Silicon Valley's belief that the economic world revolves around it is shortsighted, says Thiel

Peter Thiel National press club - Trump defender
REUTERS/Gary Cameron

Silicon Valley's overwhelming support of Hillary Clinton has one bug in it, according to tech billionaire Peter Thiel. With a week until the election, Thiel was in Washington Monday defending Donald Trump and criticizing Silicon Valley for failing to see outside its bubble.

"Where I work in Silicon Valley, people are doing just great," said Thiel, at a National Press Club event on Monday. However, he said, "Most Americans haven't been part of that prosperity.

"It shouldn't be surprising to see people vote for Bernie Sanders or for Donald Trump," said Thiel, who spoke in support of Trump at the Republican National Convention.

Thiel, a co-founder of PayPal, is a successful venture capitalist and author, and on the surface at least seems unlikely to buck Silicon Valley's support for Clinton. But Thiel has also questioned Silicon Valley's contribution to prosperity, and sees the U.S. economy relying more on financialization than innovation for growth.

"I don't agree with everything Donald Trump has said and done, and I don't think the millions of the other people voting for him do, either," said Thiel. "Nobody thinks his comments about women were acceptable. I agree they were clearly offensive and inappropriate," he said, referring to the Access Hollywood film clip.

But Thiel said voters aren't pulling "a lever in order to endorse a candidate's flaws; it's not a lack of judgment that leads Americans to vote for Trump," said Thiel. "We're voting for Trump because we judge the leadership of our country to have failed."

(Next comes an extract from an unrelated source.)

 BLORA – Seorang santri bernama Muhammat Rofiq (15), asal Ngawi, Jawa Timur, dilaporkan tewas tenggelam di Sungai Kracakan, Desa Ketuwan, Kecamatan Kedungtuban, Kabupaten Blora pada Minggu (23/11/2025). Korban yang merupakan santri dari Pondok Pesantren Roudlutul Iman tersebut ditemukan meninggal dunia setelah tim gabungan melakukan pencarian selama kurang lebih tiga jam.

Free trade, for instance, "has not worked out well for all of America," said Thiel.

A strong view in Silicon Valley is that Trump will be "a disaster for innovation," and would lead a retreat away from science and technology spending and support. Silicon Valley leaders, in an open letter, criticized Trump for holding "a fundamental belief that America is weak and in decline."

But Thiel is arguing that the well-off sections of the nation aren't recognizing how certain policies have hurt many others.

"All of our elites preach free trade. The highly educated people who make public policy explain that cheap imports make everyone a winner, according to economic theory, but in actual practice we've lost tens of thousands of factories, millions of jobs to foreign trade," said Thiel. "The heartland has been devastated. Maybe policymakers really believe that nobody loses, or maybe they don't worry about it too much because they think they are among the winners," he said.

Silicon Valley "has been extremely successful over the last decade or so but it's been a success that is a success of specific companies," said Thiel.

The view in Silicon Valley is that if it's doing well, "everybody is doing well." But that's just not true, he argues.

Thiel, for instance, called Twitter, a "perfectly good company" with high-paying jobs. "It's just not enough to improve living standards for 300 million-plus Americans," he said. His critique of Twitter was summed up in his now-famous quote from his venture-capital company's manifesto: "We wanted flying cars, instead we got 140 characters."

"What Trump represents isn't crazy and it's not going away," said Thiel.